Monitoring a Linux bare metal server
You can monitor a Bare Metal server with IBM Cloud Monitoring by configuring a monitoring agent in your server. The monitoring agent uses an access key (token) to authenticate with the IBM Cloud Monitoring instance. The monitoring agent acts as a data collector. It automatically collects metrics. You view metrics via the web-based user interface. You can monitor Bare metals in IBM Cloud, on-prem, and in other clouds.
By default, this agent collects core infrastructure and network time series that you can use to monitor the host. For a list of collected metrics, see Metrics Available for non-orchestrated environments.
The Monitoring agent automatically collects the following types of system metrics per host:
-
System hosts metrics
provide information about CPU, memory, and storage usage metrics, that you can use to analyze the performance and resource utilization of all your processes. -
File and File System metrics
provide information about files and file system that you can use to analyze file interactions that occur in your system. For example, you can find information about your open files, bytes going in and out, or the percentage of usage of a given file system. -
Process metrics
provide information about the processes that run in your servers. For example, you can use these metrics to explore the number of processes, or get client or server information. -
Network metrics
provide information about the network. They offer insight to the connections that are established between your applications, containers, and servers. For example, you can find information about the bytes that are being sent or received, or the number of HTTP requests, connections, and latency. In addition, for SQL or MongoDB, the agent collects additional information when it is configured in troubleshooting mode.
Through the Monitoring UI, you can analyze data in the Advisor tab, the Explore tab, and in the Dashboard tab. You monitor the data through metric views and dashboards.
Consider the following information when monitoring your data:
-
In the Explorer tab, you can monitor individual metrics.
-
In the Advisor tab, you can monitor Red Hat OpenShift or host level metrics.
This tab is only available for users that belong to a team that has access to monitor Red Hat OpenShift or host level metrics.
-
In the Dashboard tab, you can monitor through panels predefined dashboards or custom ones and get a specialized insight into network data, application data, topology, services, hosts, and containers. A panel displays a metric or group of metrics in a dashboard.
For each metric view and dashboard, you can define the scope of the data, how to aggregate data, and what time and group filters to apply to the data. For more information, see Managing panels.
You can configure a dashboard as the default entry point for a team, unifying a team's experience, and allowing users to focus their immediate attention on the most relevant information for them.

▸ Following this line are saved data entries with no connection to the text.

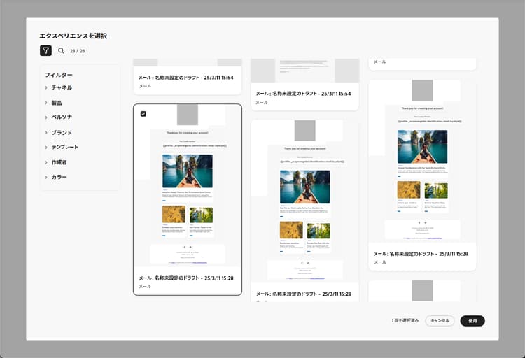 GenStudio エクスペリエンスを参照して、コンテンツの作成を開始します。製品、ペルソナ、ブランド、色など、複数の条件でエクスペリエンスをフィルタリングできます。
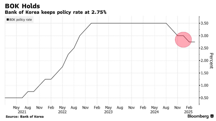 通胀抬头与韩元贬值双重夹击 韩国央行“按兵不动” 但关税阴云下倾向降息路径
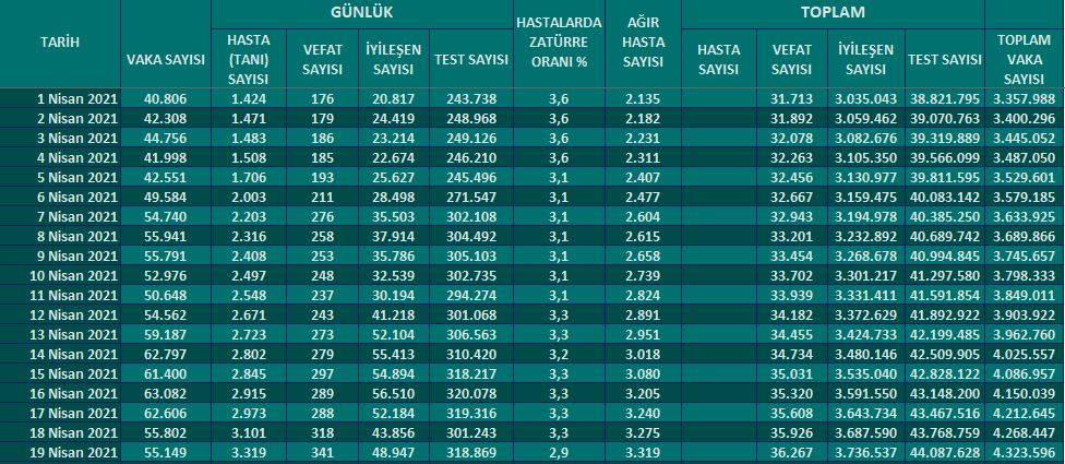 Sağlık Bakanlığı 19 Nisan 2021 tarihli korona virüs verilerini açıkladı.
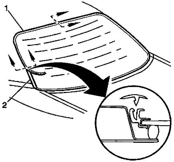 13. Install the rear window reveal molding (1) into the reveal molding retainers (2).
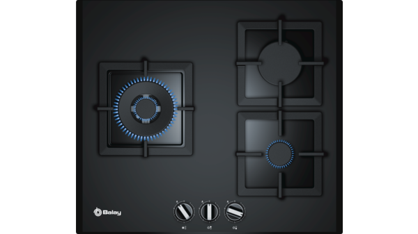 3 GAS. NAT. CRISTAL TEMPLADO NEGRO. 9 NIVELES. GAS STOP. AUTOENCENDIDO. PARRILLAS INDIVIDUALES HIERRO FUNDIDO.
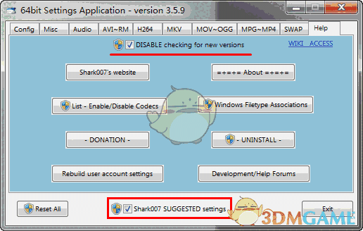 第一次运行Win7codecs时,程序会自动完成一些设置,无需理会。之后请勾选位于程序窗口靠下位置的【Shark007 SUGGESTED settings】选项。这个选项可以自动的完成部分工作。然后请切换至【Help】页,勾选【DISABLE checking for new versions】选项。Win7codecs升级比较频繁,如果不存在待解决的问题,则无需跟随每个版本进行升级。

For more information, see Viewing metrics.
Before you begin
-
Install the IBM Cloud CLI. For more information, see Installing the IBM Cloud CLI.
-
Provision an IBM Cloud Monitoring instance from the catalog.
-
Provision a bare metal server.
To complete the steps in this topic, ensure you have internet access from the bare metal. This is needed for configuring the monitoring agent.
-
Configure a VPN connection between your terminal and the bare metal server
Virtual Private Networking (VPN) access enables users to manage all servers remotely and securely over the IBM Cloud® private network. A VPN connection from your location to the private network allows out-of-band management and server rescue through an encrypted VPN tunnel. VPN tunnels can be initiated to any IBM Cloud data center or PoP allowing you geographic redundancy.
Complete the following steps to configure a VPN connection between your terminal and the bare metal server:
-
Depending on your operating system, download the latest
MotionPro
32-bit or 64-bit files from the Array Networks Clients and Tools download site. Learn more. -
Configure a standalone SSL VPN client and open a connection:
For example, if you use the MotionPro Plus client for MacOS, to add a profile, click Add.
In the
Basic
section, enter aTitle
. Enter aGateway
, for example, for a bare metal in Dallas 10, entervpn.dal10.softlayer.com
. Enter your VPN user name. Check that thePort
is set to443
. Then, click OK.To open a secure connection, click Login.
-
Connect to a bare metal server by using SSH
You might require a VPN to access your system depending on your security setup and
ssh
configuration on the bare metal host.You must
ssh
to the host by using your credentials, or the root credentials that are available from the IBM Cloud Console.You will require root permissions in order to install the monitoring agent.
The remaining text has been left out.